Remember what the question said about this:
We take measurements at minimum every 5 mins, but also send more data when the power changes quickly, so we get more measurements when it’s a bit choppy and some of the devices have pretty quick duty cycles so that’s important for us to get. What that does mean is that I can’t just sum the values and get a reasonable answer, because the values can “count” for different periods of time (not to mention we do have missed messages sometimes, networks being what they are).
So we need to deal with this data irregularity in order to get a proper answer. This is where the time_weight
family of functions is really important. So there are two sources of irregularity we’re accounting for here: 1) client side downsampling, where we avoid sending too many messages when the measurements are changing slowly, but send more measurements when they’re changing more quickly. 2) Network problems leading to missed messages.
Luckily both of these are well accounted for with time_weight
. We’re going to use the ‘Linear’ weighting method because we haven’t been told that this is a system that reads only when the value changes, but rather we’re sampling a continuous system at lower or higher rates depending on some variables.
Note If you want to read more about time_weight
and how exactly it works and this type of problem and derivation, I wrote a blog about it a while back.

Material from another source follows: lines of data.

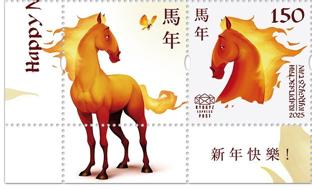 Kyrgyzstan 2025 Year of the Horse Chinese New Year Stamp with label MNH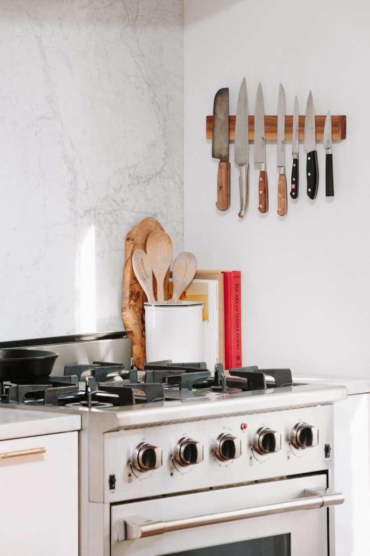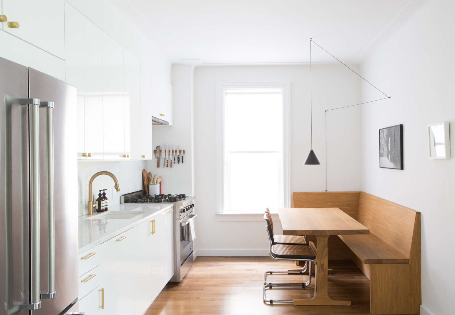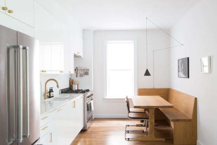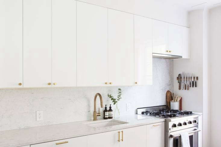 Connecting the cabinets to the wall serves a few purposes: It gives the cabinetry “more of a custom, built-in look, rather than feeling like boxes stuck on a wall,” Greenberg says. It also eases the transition between the new cabinetry and the apartment’s original, subtle, plaster ceiling crown. (“I tend to dislike the relationship between molding and the upper cabinets in kitchens that leave space above the cabinetry.”)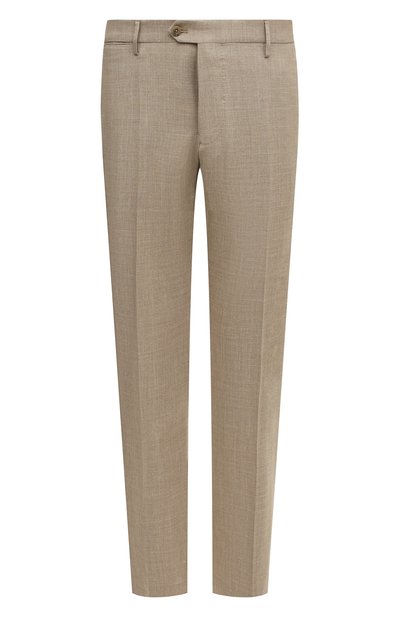 Эти брюки меланжевого бежевого оттенка команда марки адаптировала для теплой погоды облегченным костюмным материалом. В нем привычную шерсть смешали с шелковыми и льняными волокнами, поэтому изделие хорошо держит четкость стрелок, лучше классических аналогов пропускает воздух и меньше мнется. Наши стилисты предлагают поддержать расслабленный тон модели футболкой и лоферами на массивной подошве.

The simplest way then is to use the same approach, but instead of using a normal average, we’ll use the time weighted average and then perform the same multiplication to account for time and units like so:
SELECT
time_bucket('15 min', ts) as bucket,
customer_id,
circuit_id,
average(
time_weight('Linear', ts, power_w)
) * 15/60/1000 -- time weighted average(power in W) * 15 mins / 60 mins per hour / 1000 W per kW
FROM power_usage
WHERE ts >= '2023-01-15'::timestamptz and ts < '2023-01-20'::timestamptz
GROUP BY 1,2,3;
The basic graphical intuition for why the normal average doesn’t work is this:
transient
more data quiescent
few data points data stable large change few data points
|----------------------------------|-------------|--------------------|
*
* *
* *
* * * *
* * * *
*
The average just sums all the values and divides by the total number of points. So the average will massively over-weight the transient periods where there were more data points because the value changed faster vs the quiescent periods where there were fewer data points but the value changed slower. But storing more data points over the whole time period would be inefficient in terms of space and fewer over the whole period would cause us to miss the interesting bits.
I’ve been testing this in a data set where we have an energy meter as well as a power meter hooked up, so the energy meter is able to give a “truly accurate” result because it doesn’t have the limitations of the sampling rate. With this approach we’re able to get very close, < 1% error for most 15 minute periods - less than 20 W difference for even the highest error periods, while the naive average approach has 8x the peak error, and missed at worst by more than 250 W for a fifteen minute period. The overall error for the 5 day period I was analyzing was almost 5000 W vs less than 600 W for the time weighted approach.
Okay. I’m gonna end this post here, cause we’ve gotten a long way already, but there’s still more to think about and a more accurate way to do this calculation with interpolated integrals that we’ll cover next.